In spite of the general discredit of our national stocks abroad, Massachusetts fives payable in 1894 sell at the nominal price of 84, with the pound sterling at $4.44, equal to 91½ in our gold, with the pound sterling at $4.83. There can be no other reason for this higher price than the superior credit enjoyed by Massachusetts; and thus again is Public Faith exalted. Why should not the Nation, with its infinite resources, surpass Massachusetts?
The bill before us proposes a new issue of bonds, redeemable in coin after twenty, thirty, and forty years, with interest at five per cent., four and one half per cent., and four per cent., in coin, exempt from State or municipal taxation, and also from national taxation, except the general tax on income,—these bonds to be used exclusively for the conversion of an equal amount of the interest-bearing debt of the United States, except the existing five per cent. bonds and the three per cent. certificates. These proposed bonds have the advantage of being explicit in their terms. The obligations of the Government are fixed clearly and unchangeably beyond the assaults of politicians.

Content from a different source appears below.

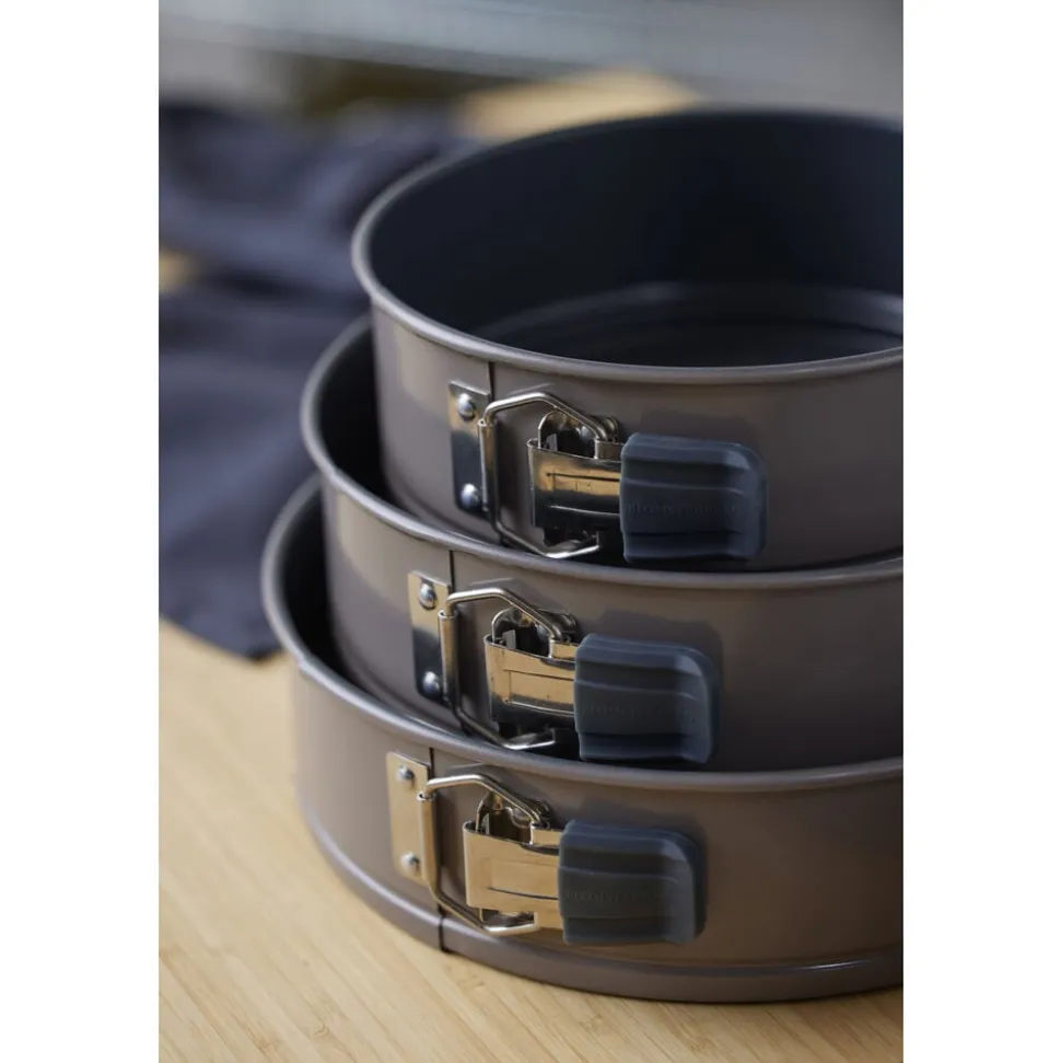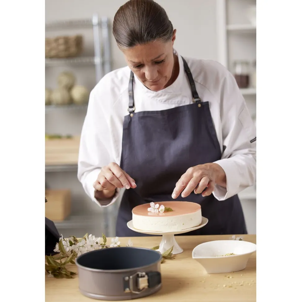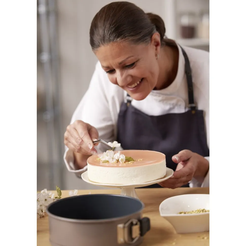 Springform i ekstra kraftigt kvalitetsstål med en bundtykkelse på 1 mm og en praktisk non-stick-belægning, som får de hjemmebagte lækkerier til at slippe formen lettere. Designet er elegant med en smuk latte farve på udvendig side. Springformen er perfekt til fx cheesecake, chokoladekage, gulerodskage samt lagkage- eller dessertbunde. Bør vaskes før brug første gang. Springformen kan tåle temperaturer op til max 230 °C.

A glance at the national debt will show the operation of this measure. The sum-total on the 1st of February, 1868, according to the statement from the Treasury, was $2,514,315,373, being, in round numbers, twenty-five hundred millions. Out of this may be deducted legal-tender and fractional notes, as currency, amounting to $388,405,565, and several other smaller items. The following amounts represent the portions of debt provided for by this bill:—
| Six per cent., due 1881, | $ 283,676,600 |
| Six per cent., five-twenties, | 1,398,488,850 |
| Seven and three tenths Treasury notes, convertible into five-twenty bonds at maturity, | 214,953,850 |
| $1,897,119,300 |
This considerable sum may be funded under the proposed bill.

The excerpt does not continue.